Where to find Test Sets

You can access Test Sets from two places:
  • Global view: Test > Test Sets shows all Test Sets across your Intent Groups.
  • Intent Group view: open an Intent Group, then go to its Test Sets tab for intent-group-scoped work.

Create a new Test Set (wizard)

From either Test Sets view, click New Test Set. The creation flow is a short wizard:
  • 1) Select an Intent Group
    • A Test Set belongs to exactly one Intent Group.
  • 2) Add details
    • Name is required.
    • Description is optional.
  • 3) Select requests
    • You’ll see eligible requests (requests for that Intent Group that can be added).
    • Use the checkbox column to select one or more requests.
    • Add tags to selected requests to make later analysis easier.
    • Use View to inspect a request before you add it.
  • 4) Review
    • Confirm the name/description and the number of selected requests.
    • Optionally mark the Test Set as Golden.
In the UI, Golden Test Sets are described as being used to evaluate model performance after fine-tuning. Keep Golden sets small, high-signal, and well-maintained.
If a request’s response is almost correct (or totally wrong), you can set a “ground truth” answer for the Test Set by manually editing the request’s final assistant message before you add it. This is useful when you want your Test Set to encode what should have been said, not just what the model happened to output at the time. How it works (in the Portal):
  • The Portal lets you edit only the last assistant message for a request.
  • When you save, the edited content is stored on the request as a Test-Set-specific override (_maitai_test_request_response), and is used as the “original / expected” response in Test Run comparisons.
  • This does not change the original production request. It only changes the baseline used for this test request.
Steps:
  1. In the Eligible Requests table, hover View to open the request preview.
  2. Find the last assistant message (this is the only editable message).
  3. Edit the message content (and, if applicable, adjust tool calls).
  4. Click Save.
  5. Proceed to tag + select the request as usual.
In response comparison views, an asterisk (*) indicates the “Original Response” is a corrected response from the Test Set (not the original model output).

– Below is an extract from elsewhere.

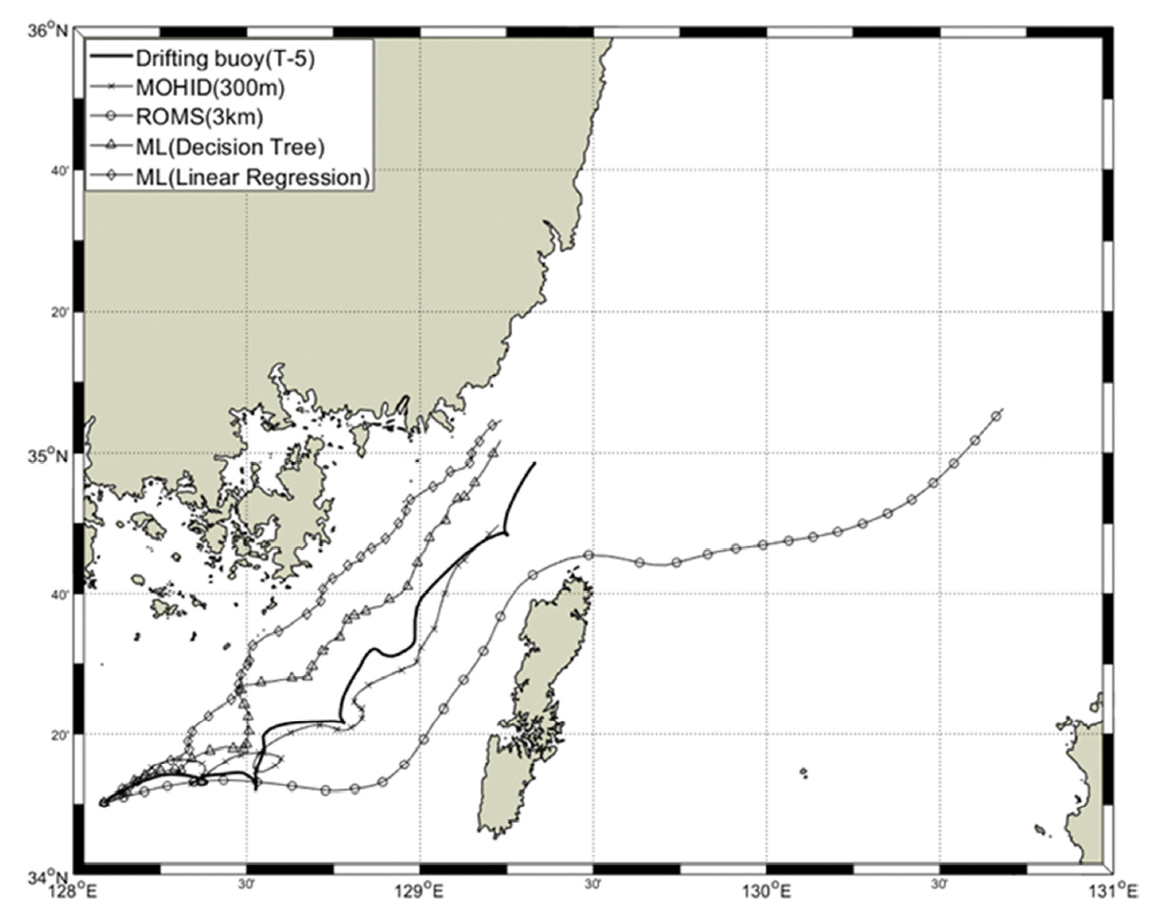 In order to improve the accuracy of particle tracking prediction techniques near the Korean Strait, this study compared and analyzed a particle tracking model based on a seawater flow numerical model and a machine learning based on a particle tracking model using field observation data. The data used in the study were the surface drifter buoy movement trajectory data observed in the Korea Strait, prediction data by machine learning (linear regression, decision tree) using the tide and wind data from three observation stations (Gageo Island, Geoje Island, Gyoboncho), and prediciton data by numerical models (ROMS, MOHID). The above three data were compared through three error evaluation methods (Correlation Coefficient (CC), Root Mean Square Errors (RMSE), and Normalized Cumulative Lagrangian Separation (NCLS)). As a final result, the decision tree model had the best prediction accuracy in CC and RMSE, and the MOHID model had the best prediction results in NCLS.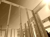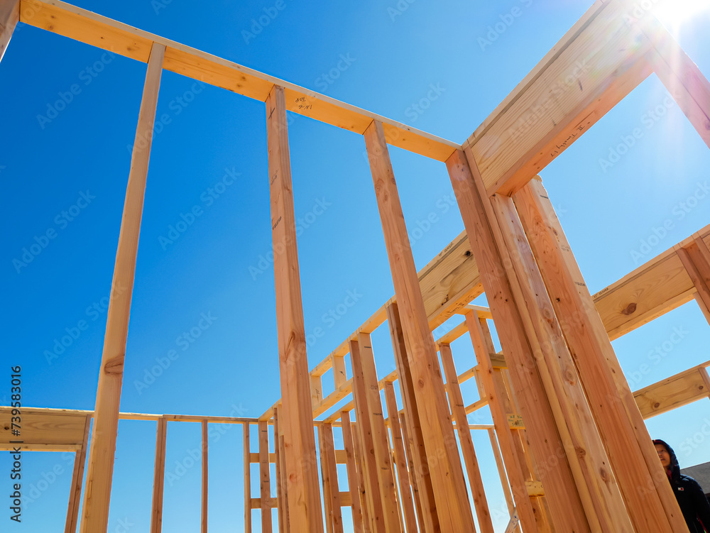 Framing of exterior, interior walls on traditional timber house new build construction, joints, post, beam connection of medium size single family residential home, Dallas, Texas, clear blue sky

Add a single request to a Test Set (from Observe pages)

The fastest way to build a Test Set is often “promoting” interesting requests you’ve already observed:
  • From a Session page: on each request row, click the + button to open Add to Test Set.
  • From a Request page: click Add to Test Set near the top of the request details.
The Add-to-Test-Set menu supports:
  • Pick an existing Test Set for that request’s action/intent context.
  • Create a new Test Set inline (name + optional description), then add the request into it.
  • Add tags while adding the request (the UI enforces a maximum of 5 tags in this flow).

Manage an existing Test Set

Open any Test Set to see three key areas:
  • Overview
    • Core metadata (created date, request count, golden status, description)
    • Tag distribution (a quick breakdown of how many requests have each tag)
    • Semantic distribution (a chart view of the Test Set; you can add layers from within the chart)
  • Test Runs
  • Requests
    • Browse the requests currently included in the Test Set
Click Edit on a Test Set to:
  • Change the name, description, and golden flag
  • Bulk add eligible requests to the Test Set
  • Bulk remove requests from the Test Set

Practical guidance

  • Prefer real production requests: Test Sets are strongest when they mirror what users actually do.
  • Tag intentionally: Use tags to group scenarios you’ll want to scan later (e.g. edge_case, billing, spanish, tool_calling).
  • Keep sets “evergreen”: Regularly add newly discovered failure modes, and remove stale scenarios that no longer reflect expected behavior.